Privacy Improvements¶

Location data is very privacy sensitive (http://www.nature.com/doifinder/10.1038/srep01376). This is particularly true for a location timeline, since anonymization techniques fail if there are repeated patterns in the data. For example, identifying a users' most common location at night and during the day can help us identify their home and work locations.

But these repeated patterns are also very useful. At the personal level, we want to give people recommendations for their most common trips, or use their patterns to infer the characteristics of their travel. At the structural level, we want to aggregate the data from citizens to see repeated problems that can be targeted for fixing.

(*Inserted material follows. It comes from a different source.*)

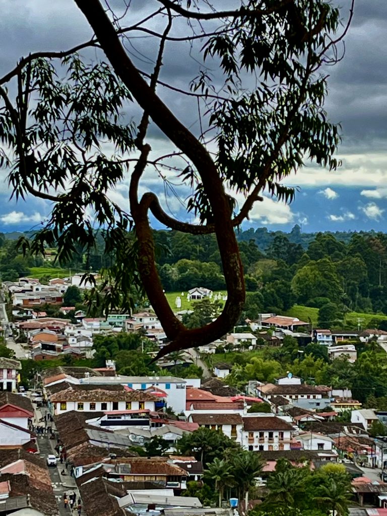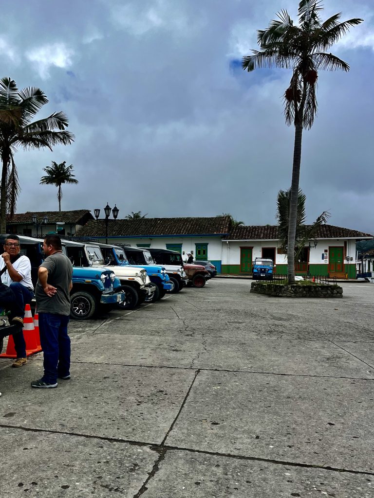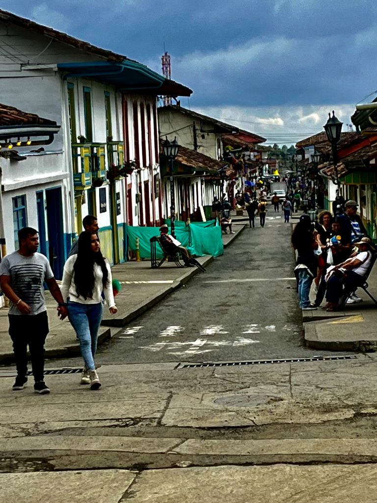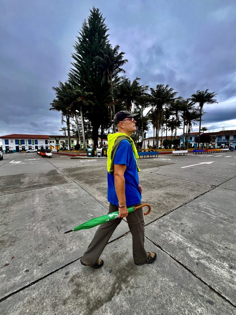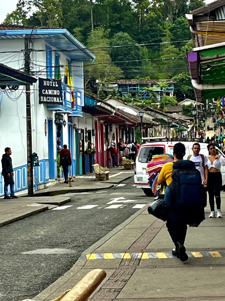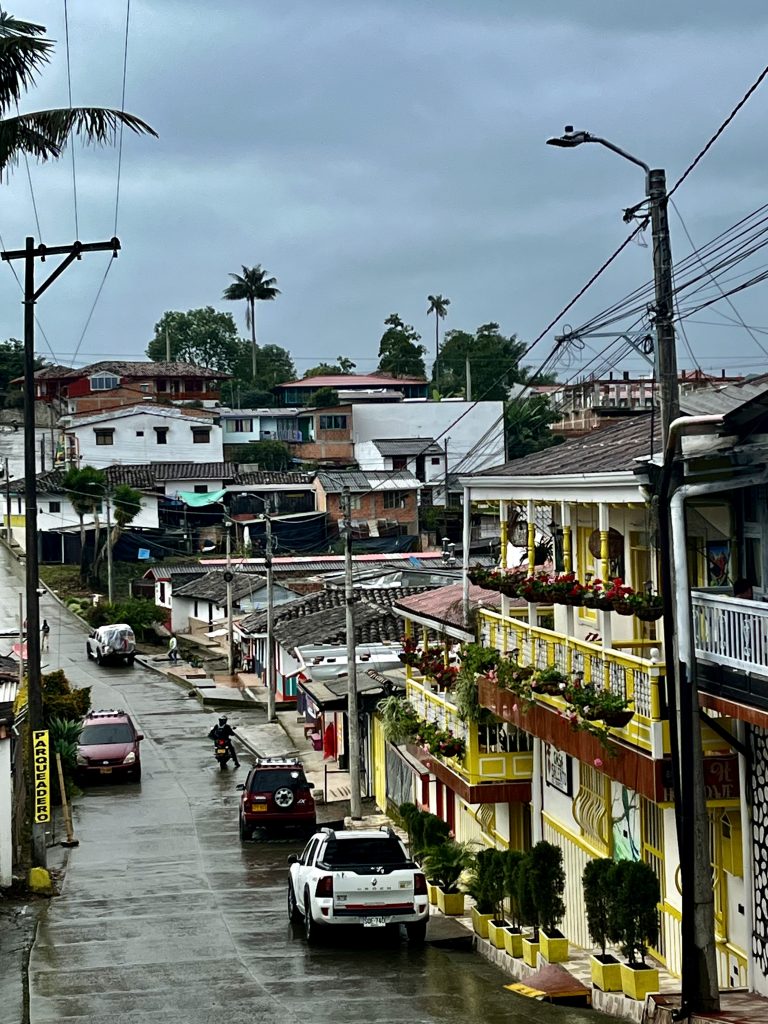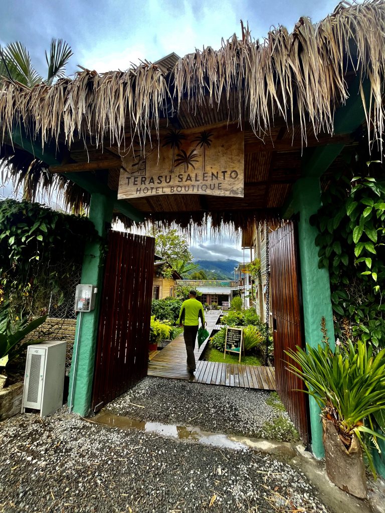 Salento liegt 1.895 Meter hoch, zwischen dem östlichen und mittleren Andenstrang. Es kommt mir vor wie auf einer Basisstation im Himalayagebirge. Hier sammelt sich alles, um dann zu den gut geplanten Unternehmungen aufzubrechen. Sei es mit dem Pferd, dem Rad oder einem Willy hoch in die Berge vorzustoßen, um ins Valle de Cocora, ins Tal der Wachspalmen zu gelangen. Da bläht sich der Ort schnell von etwa 4.500 Einwohnern auf zigtausend Besucher auf. Im Jahr besuchen weit mehr als 1 Million Touristen diesen Ort. Aber, wir sind ja in der Regenzeit hier, da ist es nicht ganz so wuselig. Der Ort ist natürlich entsprechend präpariert. Es gibt unzählige Souvenir-Shops, Hotels und ein Restaurant neben dem anderen.

The primary difference between the intrusive and useful privacy-sensitive analyses is control and ownership.

Users should own their data, the analysis that runs on it, and the way in which the results are used. While users do currently get to control what raw data is collected from their smartphones, once the data has been collected, they lose control over it, and it can be re-shared in ways that they do not expect. This argues for a more mediated sharing experience at a higher level in the data stack. Some examples are

Note that this high level overview recurs in many scenarios, and there is ongoing work, including in the RISE lab, around addressing some of these issues. We may be able to use some of these in our own work. For example, check out this talk from Dawn Song.

This level of control involves integrating two existing research areas. An overall system diagram is

Computation on encrypted data/secure execution¶

Conceptually, for users to own their own data, they need to run a server that they maintain and that collects their data. They can then choose to install the analysis scripts that they want on the server, and see the results themselves.

Since few users run their own servers, this will typically involve storing encrypted data on shared infrastructure. But then how can users run algorithms against this encrypted data?

• One option is to run algorithms directly against encrypted data. There has been prior work on searching encrypted text directly and decrypting it in the browser to display the text. However, for maximum flexibility and performance, we typically want to run analysis on servers instead of user phones, and to have access to the results to participate in aggregate queries. There has been more recent work in this area from the RISE lab, some potentially unpublished, which we should explore.

  • Opaque: An Oblivious and Encrypted Distributed Analytics Platform
  • Machine Learning Classification Over Encrypted Data

• A second option is to use stored keys to decrypt the data before processing, and run the processing in a secure execution environment (e.g. SGX). Unfortunately, in order to decrypt the data, we need to store private keys, and have them accessible on the server for decryption. But then if the private keystore manager is compromised, then the attacker has access to your private key and all your data. Do web of trust/delegated authorization schemes (such as WAVE)[https://docs.google.com/document/d/1MGoL5wgVPyIdDJnEwA3We9USi3ZDKNy2pou_sppx6w8/edit?usp=sharing] solve this problem? And once the data is decrypted, root on the server where it is running will have access to it, which is why it needs to run in a hardware enclave(https://keystone-enclave.org/). Does it make sense to run full algorithms in a hardware enclave? It looks like it is currently used primarily for contract checking. Will the overhead be too high?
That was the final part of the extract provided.